An upcoming birthday celebration sticks Paradise police chief Jesse Stone with a case that even Spenser, his private-eye counterpart in the late Parker’s better-known franchise, couldn't solve.
Terry Jester, ne Jacobivitz, is about to turn 75, and Stan White, his longtime manager, is pulling out all the stops to celebrate the event. It would be wonderful if the great man could mark the day, and end 40 years out of the musical limelight, by releasing "The Hangman’s Sonnet," his legendary comeback project, but the master tape of the album, which reportedly featured all sorts of A-list musicians in unaccustomed support of Boston’s answer to Bob Dylan, vanished years ago, unheard by anyone but WBMB DJ Roscoe Niles. Jesse, still mourning his murdered fiancee, Diana Evans (Robert B. Parker’s Debt to Pay, 2016), while he celebrates the wedding of Officer Luther "Suitcase" Simpson, wants nothing better than to be left alone to fall off the wagon again. But medical examiner Tamara Elkin lectures him about drinking himself numb; Paradise mayor Constance Walker alternately needles and threatens him over his minimal efforts at making her look good; and the death of elderly Maude Cain at the hands of a pair of burglars demands his attention.

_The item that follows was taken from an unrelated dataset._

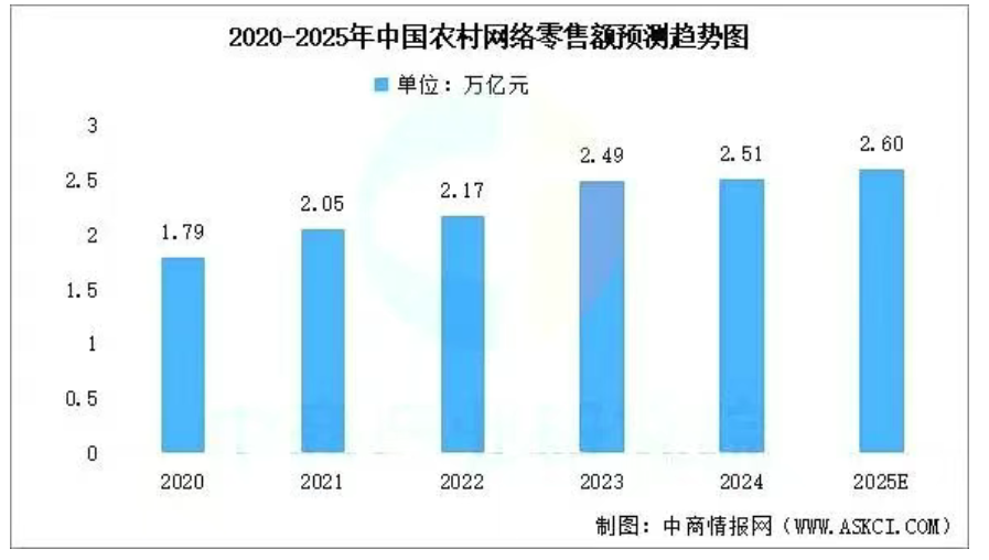 近年來,中國農村電商市場蓬勃發展,農業農村部數據顯示,2023年中國農村網絡零售額達2.49萬億元,同比增長12.9%。預計2025年中國農村網絡零售額將達到2.6萬億元。

There’s no mystery about who the burglars were—with the help of his mobbed-up frenemy Vinnie Morris, whom he consults when he doesn’t feel like doing actual detective work, Jesse quickly identifies them as Kirk Kingston Curnutt and Humphrey Bolton—the big questions involve what they were looking for and whether they found it before they took off. An even bigger question has an even more obvious answer: could the long-missing mix tape and the brand-new burglary possibly be connected? A cameo appearance by Spenser resolves nothing but makes Jesse, who can certainly use a boost, look comparatively good.
The convoluted plot entangles a remarkable number of suspects. If you think you’ve picked out the guilty party, you’re probably right.